It's amazing to me how gently Jesus handles those who are receptive to the gospel. He's not anything like us. He's not insecure and fearful - he's perfect grace and truth. His ministry is one of love and reconciliation for those who will hear him. I taught this last Sunday on John 4 - the woman at the well. She was a scandalous, adulteress woman who had been shunned by the town for her sexual sin and shame. She makes her way out to the well in the heat of the day and finds the Savior of the world
Jesus didn't just see her as dirty, he saw her in need of cleansing. He didn't just see her as guilty, he saw her in need of an advocate. He didn't see her as trashed, but someone to be redeemed. He didn't just see her as a rebel, he saw her as a worshipper whom the Father was seeking.

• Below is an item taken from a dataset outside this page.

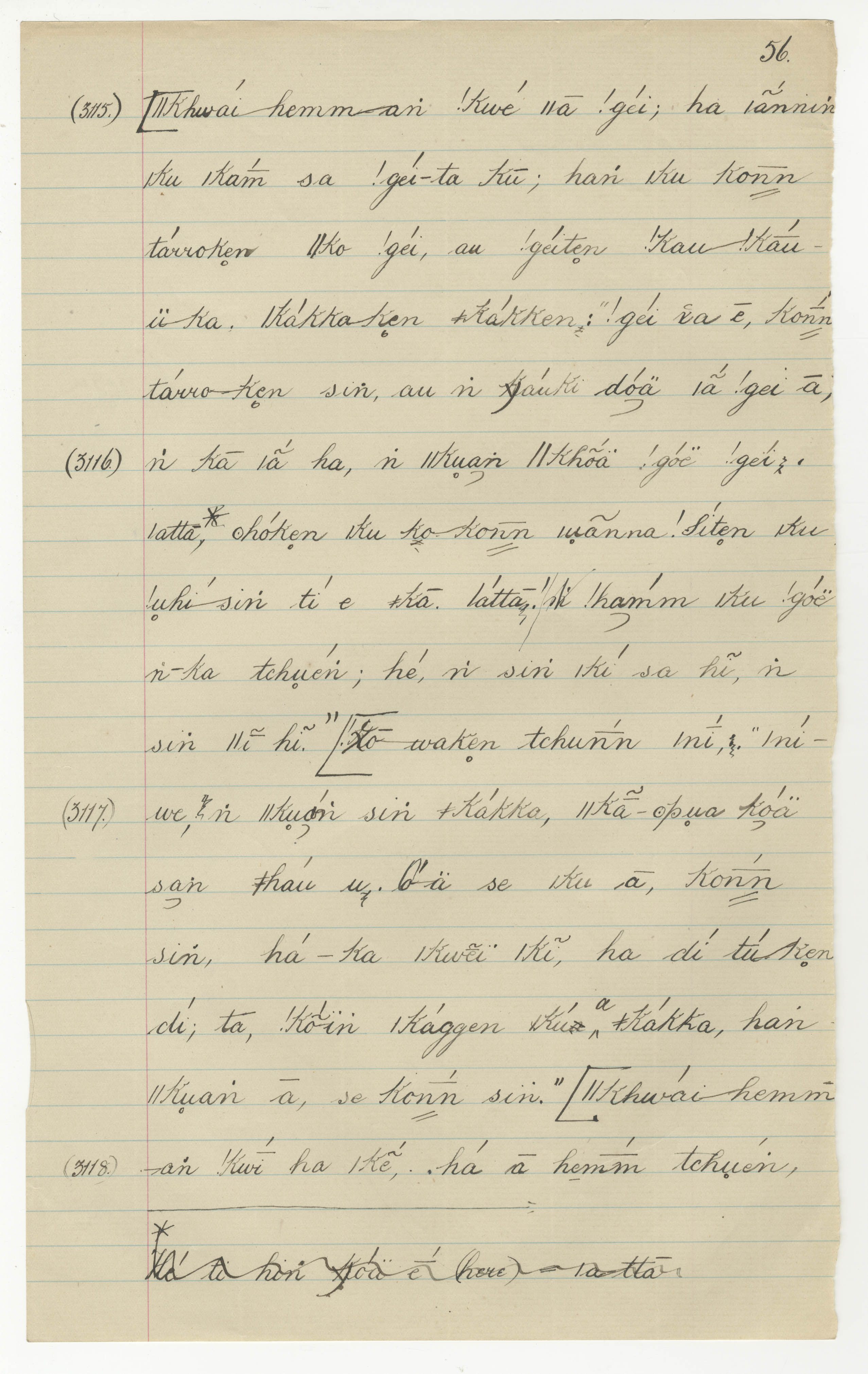 Manuscript page taken from ǁkabbo's story, The Mantis takes away the Tick's sheep (including Porcupine's speech concerning the coming of ǁkhwai-hemm) -- in Lloyd notebook 34 (dated 1873), pages 3115 to 3118.

I was challenged by Jesus view of this woman - do I look at people with the transforming hope of the gospel? Or with the damning stare of hell? Do I let my fears and insecurities influence my faith? Or does my faith in God shove out my fears and give me boldness to talk to those who are perishing?
The verdict is still out. The pendulum swings back and forth. I need the grace of God to convict me where I fail to see people the way Jesus sees them. I need the love of Christ to compel me into greater and greater boldness with my unbelieving friends. And I need the power of the Spirit to open their eyes - like He did the Samaritan woman - and produce the new birth inside their souls.
My prayer this week is that God will help me love others they way I've been loved by him.